**DATA IN THIS EXERCISE**
== Segment start ==
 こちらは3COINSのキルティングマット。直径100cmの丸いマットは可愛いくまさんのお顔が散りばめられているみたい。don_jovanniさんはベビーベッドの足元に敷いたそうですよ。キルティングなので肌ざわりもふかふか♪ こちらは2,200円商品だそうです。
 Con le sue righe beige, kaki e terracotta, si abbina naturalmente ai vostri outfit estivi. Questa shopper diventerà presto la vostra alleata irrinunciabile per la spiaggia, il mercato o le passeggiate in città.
== Segment end ==
== Segment start ==
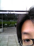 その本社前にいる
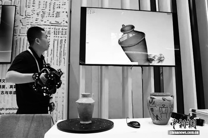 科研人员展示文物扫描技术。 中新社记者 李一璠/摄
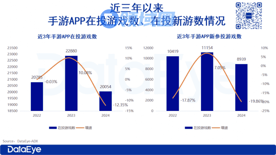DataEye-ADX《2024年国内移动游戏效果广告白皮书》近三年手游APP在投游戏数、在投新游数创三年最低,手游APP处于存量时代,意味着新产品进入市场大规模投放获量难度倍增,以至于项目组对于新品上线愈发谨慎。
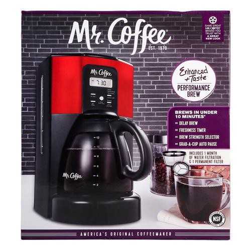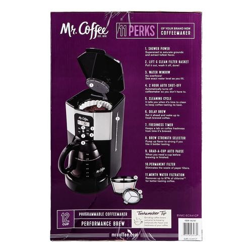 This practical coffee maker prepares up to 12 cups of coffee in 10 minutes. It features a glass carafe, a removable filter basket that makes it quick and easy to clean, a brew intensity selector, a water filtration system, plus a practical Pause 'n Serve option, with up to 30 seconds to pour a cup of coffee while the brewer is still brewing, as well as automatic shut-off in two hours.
== Segment end ==
== Segment start ==
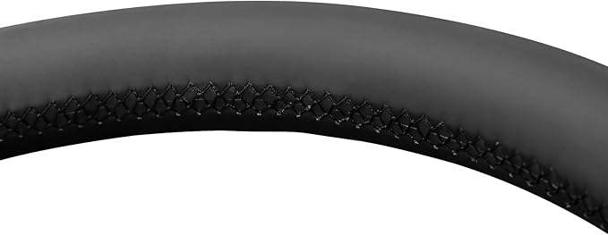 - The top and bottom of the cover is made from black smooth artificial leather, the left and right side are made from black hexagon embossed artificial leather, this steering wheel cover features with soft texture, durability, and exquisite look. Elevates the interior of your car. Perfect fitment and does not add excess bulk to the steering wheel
== Segment end ==
**TASK STATEMENT**
Above are the records. Print exactly, and only, the lines from the line with "こちらは3COINSのキルテ" to the line with "Con le sue righe", both inclusive.

**RESPONSE**
 こちらは3COINSのキルティングマット。直径100cmの丸いマットは可愛いくまさんのお顔が散りばめられているみたい。don_jovanniさんはベビーベッドの足元に敷いたそうですよ。キルティングなので肌ざわりもふかふか♪ こちらは2,200円商品だそうです。
 Con le sue righe beige, kaki e terracotta, si abbina naturalmente ai vostri outfit estivi. Questa shopper diventerà presto la vostra alleata irrinunciabile per la spiaggia, il mercato o le passeggiate in città.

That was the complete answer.